Welcome, Tim! Your debut novel FEVER CITY was published in January, can you tell us a bit about it?

FEVER CITY is a propulsive, seat-of-your-pants noir thriller set in the 1960s with an important contemporary component set in 2014.

There are three separate narratives, each with its own central mystery. As the novel progresses, these three stories begin to converge then intertwine, dovetailing at the end into a resolution of all three mysteries.

The first narrative features a private investigator, Nick Alston, who is brought in to assist the police in their search for the kidnapped child of America’s richest and most hated man.

The second concerns a professional contract killer, Hastings, who is recruited into an attempt to assassinate President Kennedy and who decides to risk his life to sabotage the hit.

And the third concerns Nick’s son, Lewis Alston, who is in Dallas in 2014 to interview JFK conspiracy nuts for a book he’s doing on the Kennedy Brothers and who stumbles across information that could connect his own father to the assassination of President Kennedy.

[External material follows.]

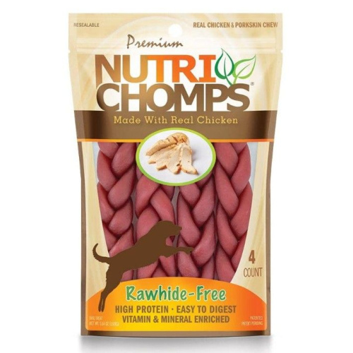 Premium Nutri Chomps Chicken Flavor Braids - 4 CountPremium Nutri Chomps Chicken Flavor Braids are rawhide-free dog chews made with real, oven-baked chicken and pork skin. Nutri Chomps chews are completely edible and fortified with essential vitamins and minerals, with a tough braid shape that provides dogs with a satisfying chewing challenge.

I’m a big fan of the noir thriller. Can you tell me about what attracted you to writing this kind of story?

I’m also a huge fan of the noir thriller. What I love most is the moral ambiguity and the elevated dramatic stakes, as well as the power of the genre’s central conceit – which is that we are all prisoners of the mistakes of our past. Noir is always character-based storytelling and so tends to occupy a richer, more emotionally complex terrain than ordinary thrillers; a landscape of nuance, despair and danger.

In FEVER CITY you blend historical facts – like the assassination of JFK – with the fictitious storyline. How did you go about researching the era and places featured?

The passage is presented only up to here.